*** Supplied material ***

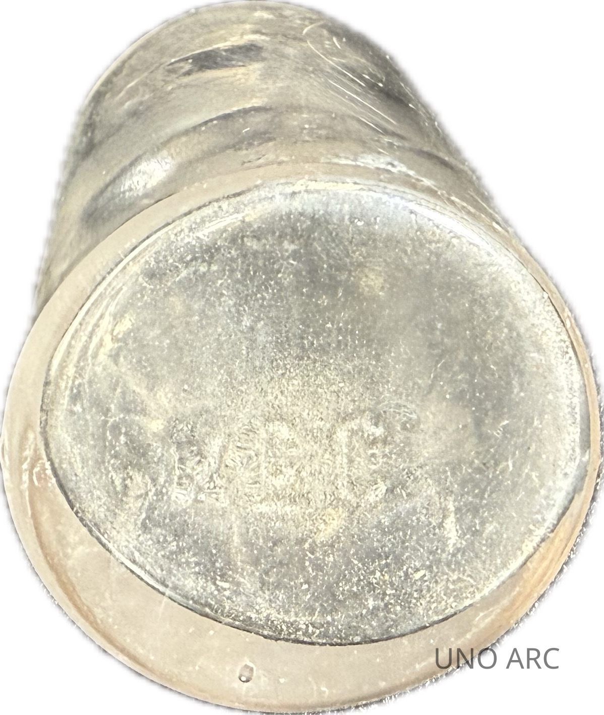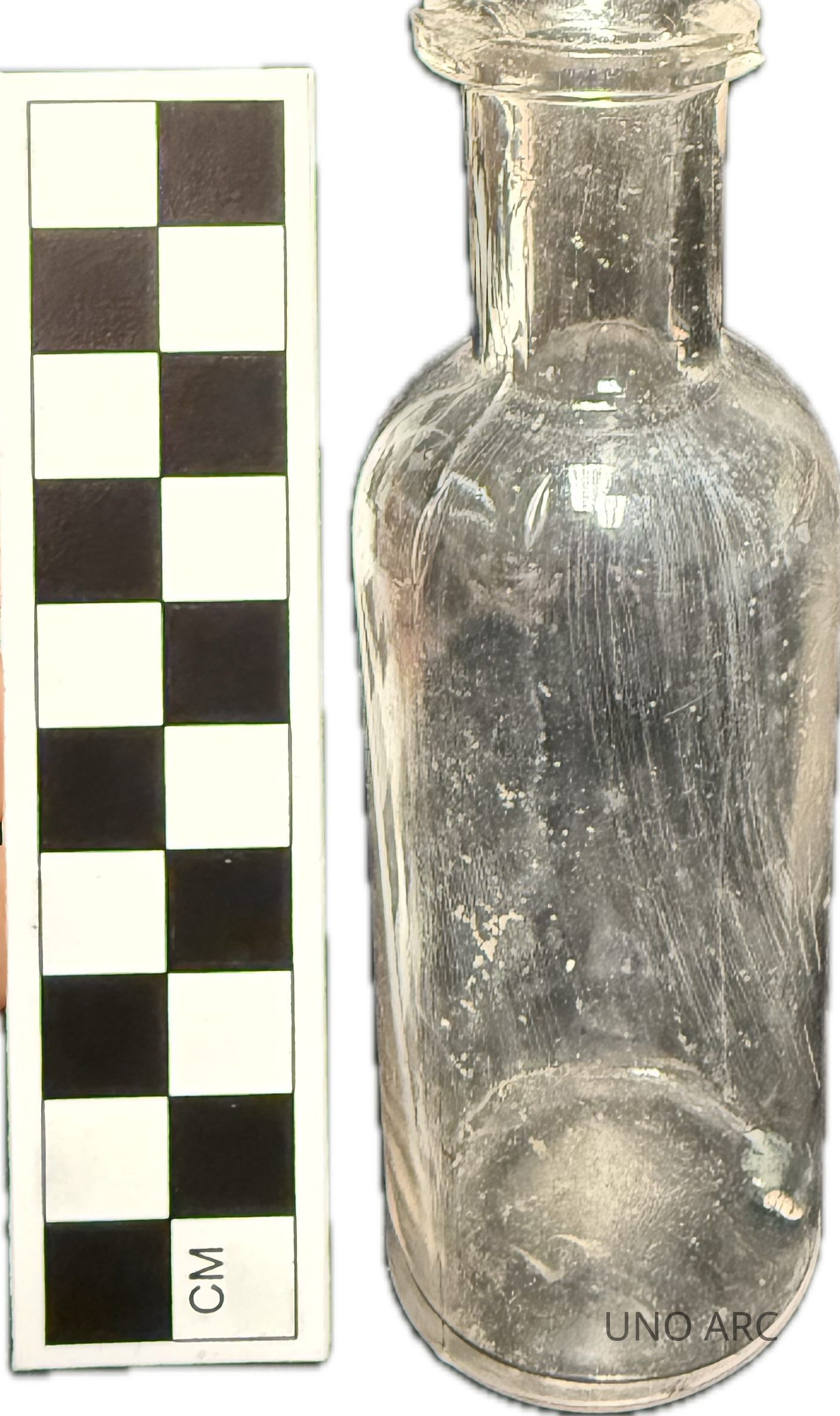 Colorless Medicine Bottle; Circular Straight, Two Piece Mold; Makers Mark (McC/3:8); Complete; Chipped Lip; Ca. 1870-1880Context
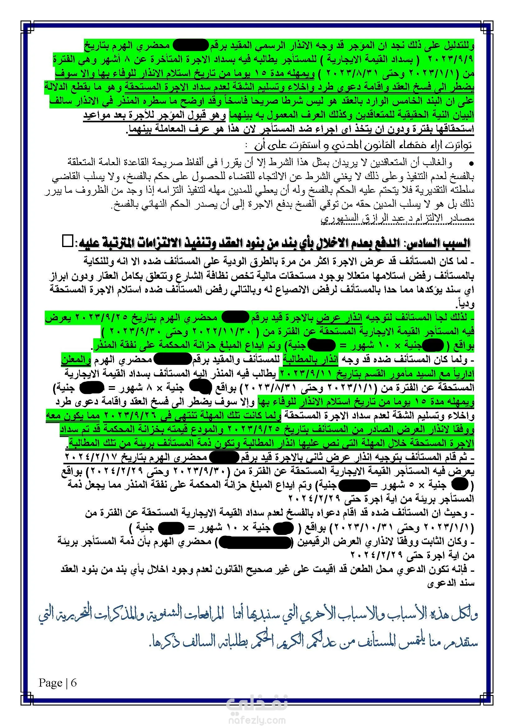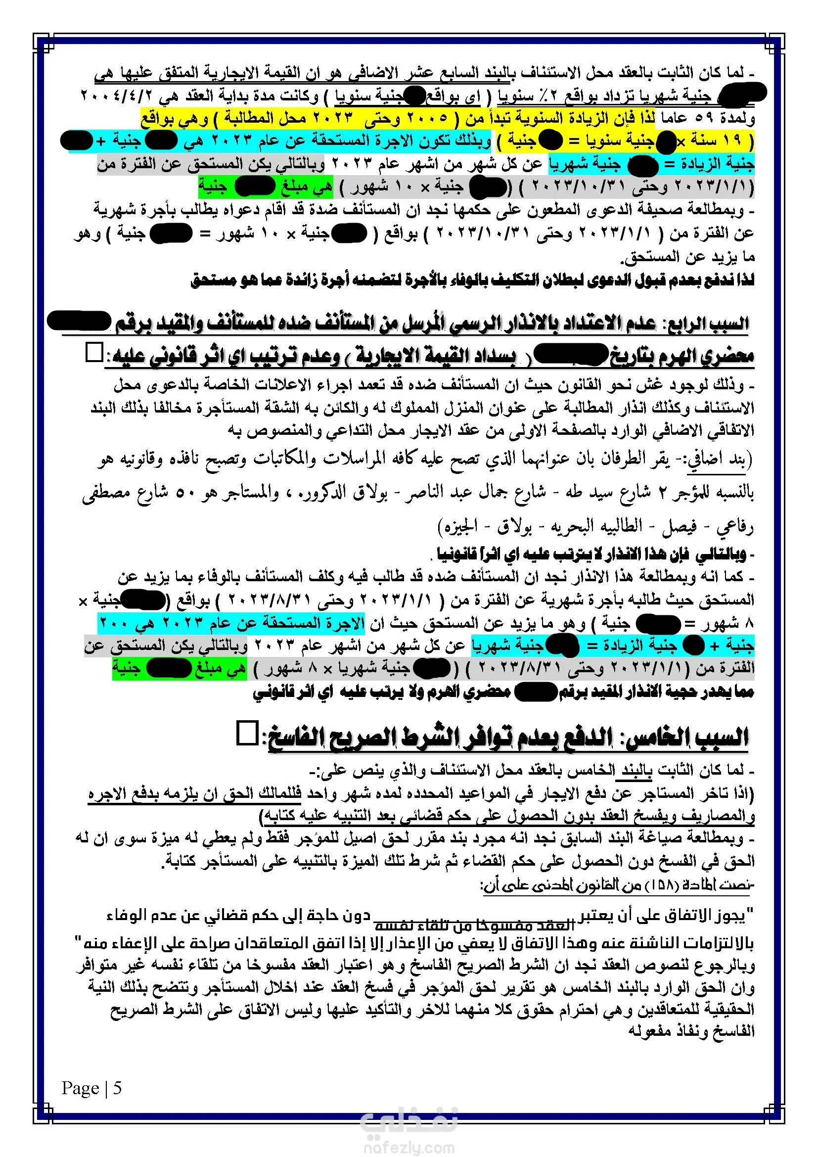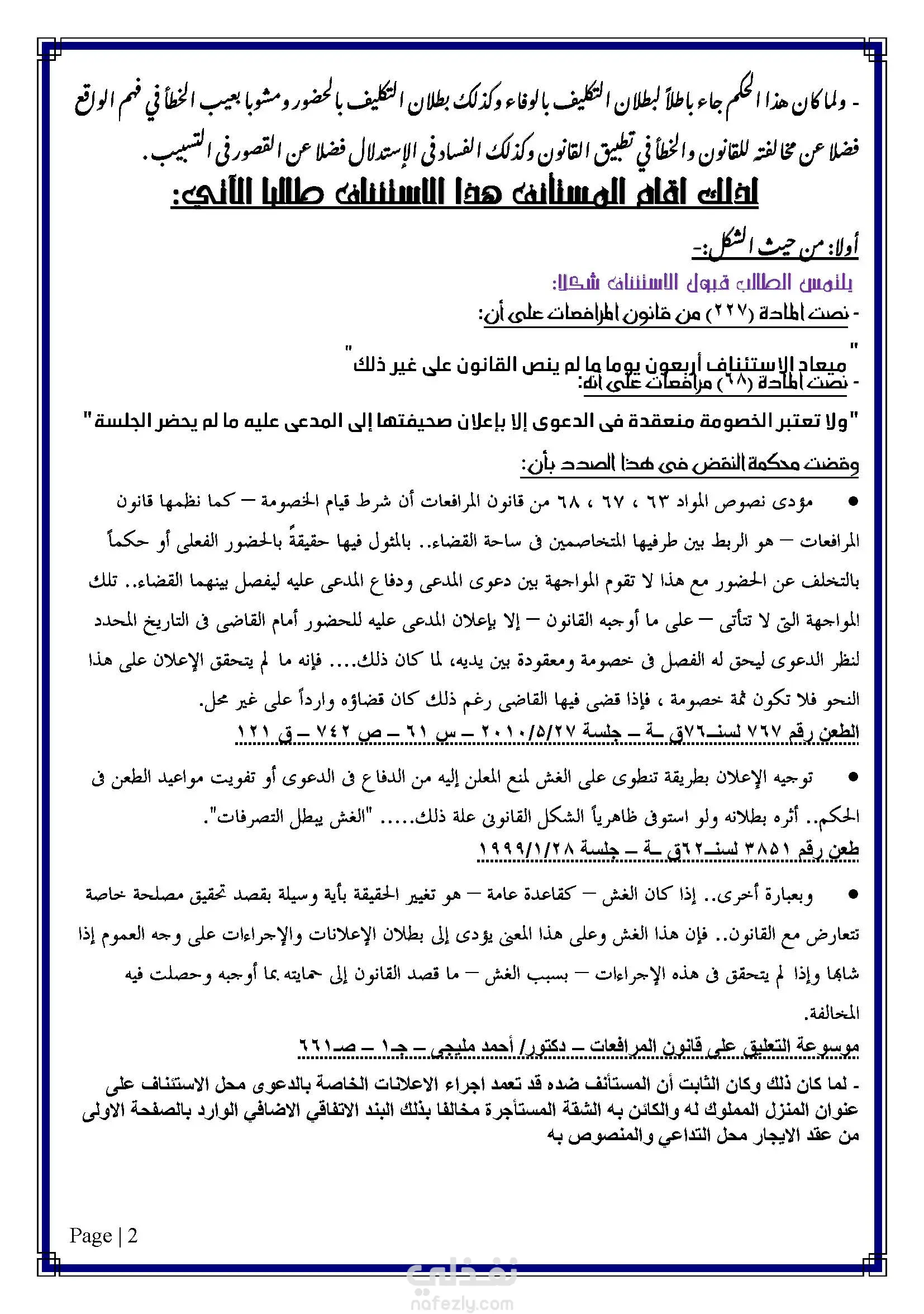 صحيفة طعن بالاستئناف على حكم صادر بفسخ عقد ايجار مدته 59 سنة
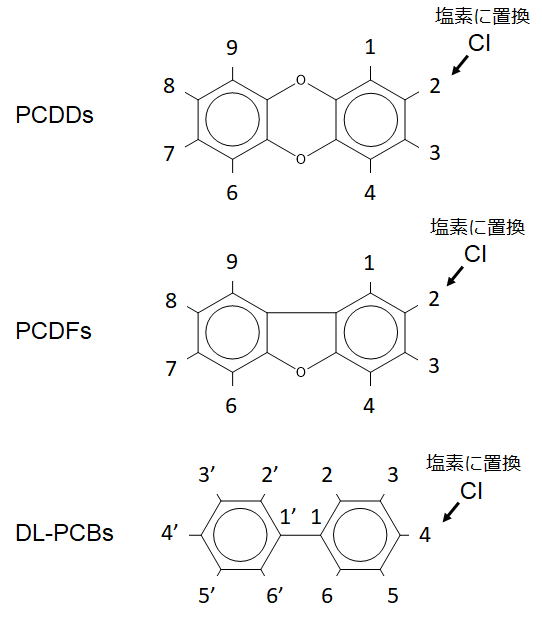 これらは毒性の強さがそれぞれ異なっており、PCDDの2と3と7と8の位置に4個塩素がついたもの(2,3,7,8-TCDD)がダイオキシン類の仲間で最も毒性が強いことが知られています。
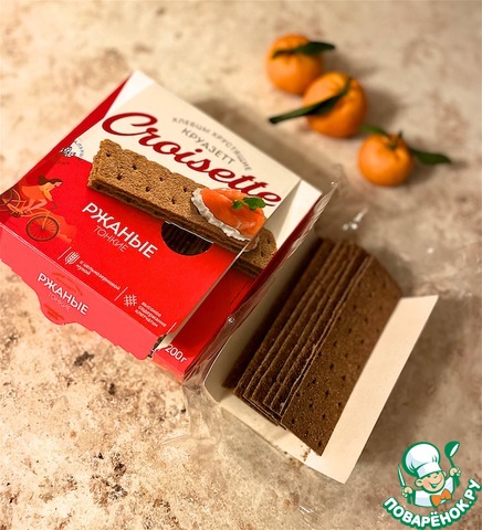 • Для приготовления десертной закуски использую тонкие ржаные цельно зерновые хлебцы "Kruazett".

*** End of Supplied material ***

• Task to complete: Restate the whole listing above exactly, please, omitting every image.

• Output for this exercise:
 Colorless Medicine Bottle; Circular Straight, Two Piece Mold; Makers Mark (McC/3:8); Complete; Chipped Lip; Ca. 1870-1880Context
 صحيفة طعن بالاستئناف على حكم صادر بفسخ عقد ايجار مدته 59 سنة
 これらは毒性の強さがそれぞれ異なっており、PCDDの2と3と7と8の位置に4個塩素がついたもの(2,3,7,8-TCDD)がダイオキシン類の仲間で最も毒性が強いことが知られています。
 • Для приготовления десертной закуски использую тонкие ржаные цельно зерновые хлебцы "Kruazett".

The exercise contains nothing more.